These characteristics of image can be used in many ways comparing original symbol and aiming symbol.In one example, If the quantity of characteristics of image different between original symbol and aiming symbol exceedes specific threshold, then by the two symbols Being considered as has difference.In another example, if the quantity of characteristics of image different between original symbol and aiming symbol exceedes The profile of any classification(Subregion profile, side profile, topology statistics and low order image moment are respectively thought oneself as into a classification)'s Respective threshold, then being considered as the two symbols has difference.Other comparison criterions can be used.
If the difference in feature is significant(Step S216 is "Yes"), then target word is labeled as have difference with original Not(Step S221), and process the next word continued executing with original document(Step S223 and it is back to step S211).Otherwise(Step S216 is "No"), this is calculated to original symbol and the difference plot and Hausdorff distance of aiming symbol (Step S217), and use it to determine between original symbol and aiming symbol with the presence or absence of marked difference(Step S218).Step Rapid S218 can use the method similar with step S213, but the threshold value used in step S218 can be different.
If original symbol and aiming symbol are considered in this step with marked difference(Step S218 is "Yes"), then Target word is labeled as have difference with original(Step S221), and process the next word continued executing with original document (Step S223 and it is back to step S211).Otherwise(Step S218 is "No"), perform Point matching step and carry out the original symbol of comparison Number and aiming symbol shape(Step S219).Various Point matching methods are had been described with, such as Belongie's et al. Shape Matching and Object Recognition Using Shape Contexts,IEEE Transactions On Pattern Analysis and Machine Intelligence, Vol.24, No.24, pp.509-522,2002 years 4 Month described in based on the method for Shape context, in the A new point matching algorithm for of Chui et al. non-rigid registration,Computer Vision and Image Understanding89(2003)114-141 Described in the method based on thin plate spline and the Robust Point Matching for Nonrigid in Zheng et al. Shapes by Preserving Local Neighborhood Structures,IEEE Transactions on Pattern Analysis and Machine Intelligence, Vol.28, No, 4, pp.643-649, in 4 months 2006 years The method based on partial structurtes of description.Any one in these or other suitable point matching algorithm can make here With.If finding that original symbol and aiming symbol have different shapes in Point matching step(Step S220 is "Yes"), then Target word is labeled as have difference with original(Step S221), and process the next word continued executing with original document (Step S223 and it is back to step S211).Otherwise(Step S220 is "No"), by the symbol in file destination regard as with Original symbol is identical, and process continues checking for next candidate symbol(Step S222 and it is back to step S215).If Processed all of candidate symbol and in step S216, S218 and S220 all of candidate symbol no one of seen Work has difference with corresponding original symbol, then regard as target word identical with original word.Then next word is processed(Step Rapid S223 is "No" and is back to step S211).Repeat including this process including step S211 to S223 until original text All words in part are all processed.

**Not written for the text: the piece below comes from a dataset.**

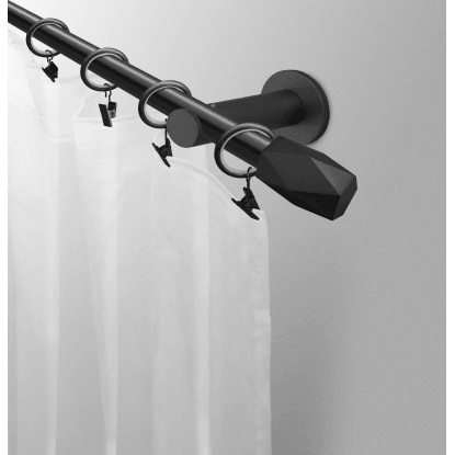 Kompletny karnisz metalowy o średnicy drążka 19 mm. Nowoczesne, otwarte wsporniki ścienne umożliwiają wygodne mocowanie drążka bez konieczności demontażu wsporników od ściany. Trzypunktowe mocowanie wsporników umożliwia stabilną instalację na wszystkich rodzajach podłoża ścian. Metalowe kółka z żabkami wyposażone w teflonową wkładkę wyciszającą.

As can be seen that processing(Step S212 to S220)To original word and target word and original symbol and target symbol Number perform a series of gradual comparisons;Once comparison step shows difference, just whole word difference is labeled as into.It is not All candidate symbols in each word are the examiners in the process(examiner).In alternate embodiments, if Step S213 does not cause word to be marked as difference, then to all of candidate symbol execution step S215 to S220, mark All differentiated symbols.

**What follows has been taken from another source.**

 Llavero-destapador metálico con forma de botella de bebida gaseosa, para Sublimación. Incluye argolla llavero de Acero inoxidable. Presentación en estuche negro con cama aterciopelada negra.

After process is compared, compared result is visualized(Step S224).Visualization can be taken arbitrarily appropriate Form, including display on a display screen, the file for printing, storage image etc..By appropriate mode in visualization (Such as highlighted, underscore, different colours etc.)Differentiated word is found to be to represent.
In the authentication processing shown in Figure 1A and 1B, step S201 to S210 can be counted as preparing original document figure Picture and target document image are target, the preparatory stage for performing comparison step S211 to S233.Can be held by alternative method The various steps of row preparatory stage, and the present invention is not limited to the concrete steps of preparatory stage.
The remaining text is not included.